I've seen these in person, but can't seem to find them on line anywhere......

It's a tool caddy, holds a pliers, maybe a bottle of spray scent, and it's really not all that big. Mounts to your seat pedestal and the ones I've seen are plastic. Any idea where I can find these?


----------



## 3dees (Jun 21, 2011)

bass pro and cabelas have them.


----------



## Jim (Jun 21, 2011)

This ?

https://www.rogersproducts.com/products.html


----------



## Waterwings (Jun 21, 2011)

I know what you're talking about, and have seen them on-line....................just can't seem to locate it now. Unless I overlooked them, I just checked-out BPS, Cabelas, Overton's, Boater's World, and then found this at West Marine https://www.westmarine.com/1/1/24363-pedestal-gear-bag.html. Not plastic, and looks like it might be cumbersome to use.


----------



## fender66 (Jun 21, 2011)

I have not found them on either BP or Cabella's site. Looked several times.

Jim's suggestion is close, but that one mounts on a "flat" surface. I'm looking for something similar that will mount to my seat pedestal.

Waterwings found a cool caddy, but it's too big and bulky for what I'm looking for.

BTW...I've found a few caddies that are suction cup mount. That is NOT what I want.

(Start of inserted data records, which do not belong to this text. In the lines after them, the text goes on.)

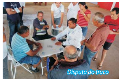
Disputa do truco
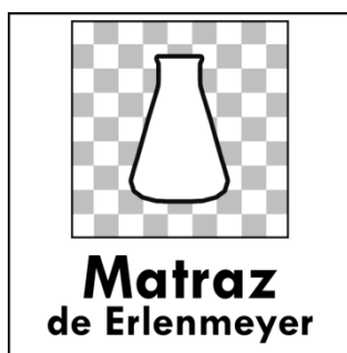
Figura.1. Primer marcador generado para el proyecto de Laboratorio Virtual.

Para cumplir con el objetivo final, el primer paso fue determinar los marcadores “ markers ”, los cuales son imágenes únicas que servirán como referencia para cada uno de los elementos del laboratorio. Para determinar el diseño del marcador se analizaron las cantidades que se necesitarían de los mismos, para ello se consideraron los ciento dieciocho elementos de la tabla periódica, así como ochenta y seis instrumentos de laboratorio de química y además material extra que se puede requerir en las diferentes prácticas, por ejemplo, globos, pastillas efervescentes u otros, obteniendo un aproximado de 210 marcadores diferentes. El primer patrón generado con un nivel de una estrella (eficiencia baja) se muestra en la figura 1, éste fue descartado porque no permite generar de manera aleatoria cierto número de marcadores, dado que tendía a repetir patrones. Este marcador sólo contiene un patrón sencillo, formado por una cuadrícula y utilizando una escala de grises, también se le incorporó la figura del material con ningún patrón en su interior y en la parte inferior se colocó el nombre del equipo sobre un fondo blanco.
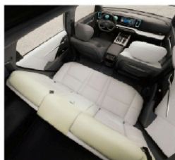
• Multi Zone 智享三区设计
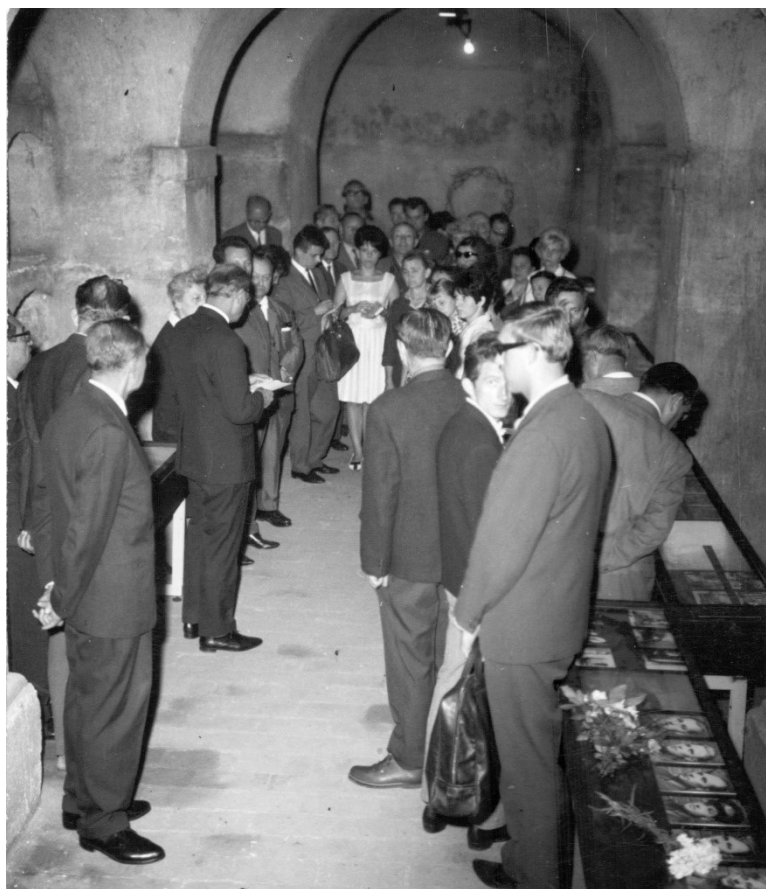
Příloha č. 12
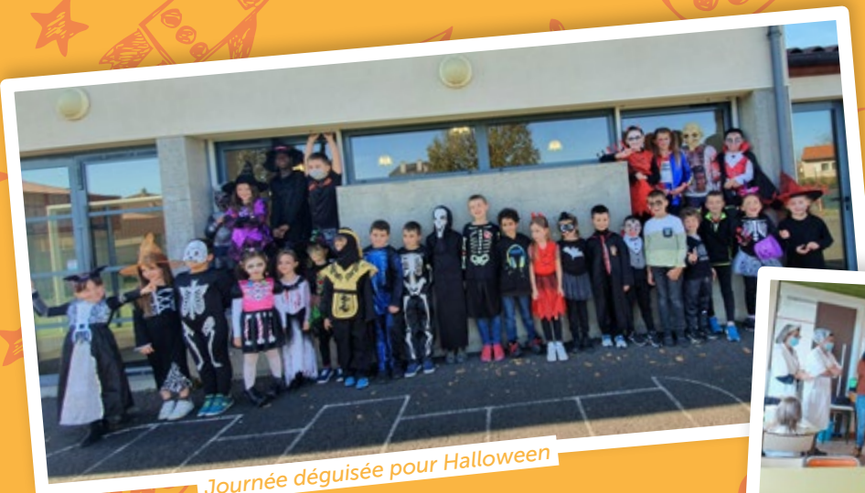
Journée déguisée pour Halloween
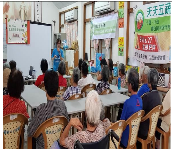
本縣成立 16 個社區營養衛生教育站點
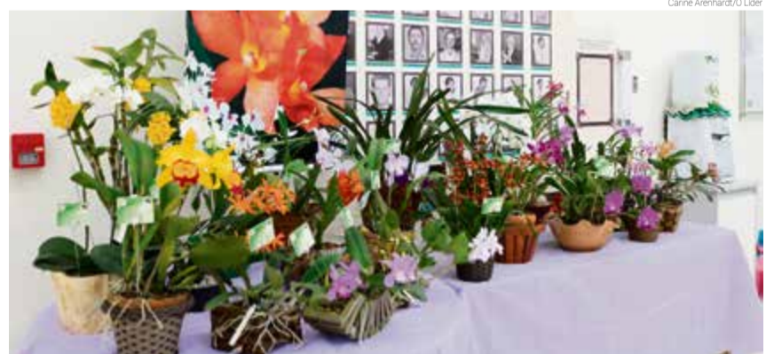
Orquídeas ficaram expostas na agência do Sicoob

cies colecionadas pelos integrantes. As orquídeas chamavam a atenção de quem passava pelo local. Sem flores para venda, a ação foi apenas uma exposição.
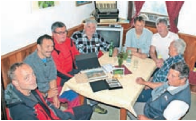
Razstavo so odprli ustvarjalci in staroste Planinskega društva Jesenice.

Planinci so v Koči na Golici odprli dokumentarno razstavo o bogati zgodovini ene najbolj obiskanih slovenskih planinskih koč.
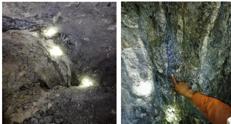
Veine E Angel niveau -185m

Les équipes minières ont poursuivi les opérations d'avancement de la rampe dans la mine d'El Santo atteignant le niveau -185 m. La veine El Angel, dont la continuité en profondeur avait été confirmée par les forages de 2019, a finalement été atteinte par la rampe en vue de l'extraction à venir.
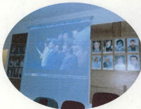
Az év eseményeiről készült képeket örömmel nézegettük.
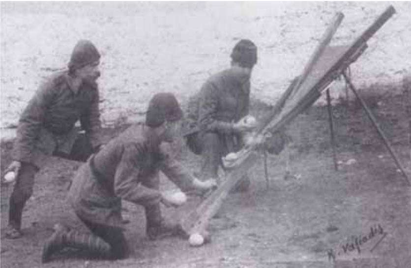
Resim 5 Savaşta Türk ordusunun kullandığı mancınık
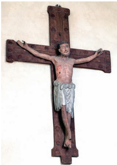
Triumfkrucifix från 1200-talets senare del.

Ett processionskrucifix med en smal Kristus nedhängande på korset är be-
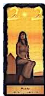
7 cartes Muse
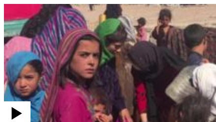
6 iyul kungi dastur

Thanks guys....I'll keep trying and hopefully someone knows where this "thingy" can be found. :LOL2:

EDIT....I've re-read the description to Jim's post and found a comma that I didn't see before. Looks like it will mount to a pedestal. I'm going to look into this!

Thanks again!


----------



## heavyduty (Jun 21, 2011)

Found this on BPS:
Handie Hold-It™ Supply Caddy
https://www.basspro.com/webapp/wcs/stores/servlet/Product_10151_-1_10001_15978_100011001_100000000_100011000?cm_ven=bazaarvoice&cm_cat=RLP&cm_pla=15978&cm_ite=image_link


----------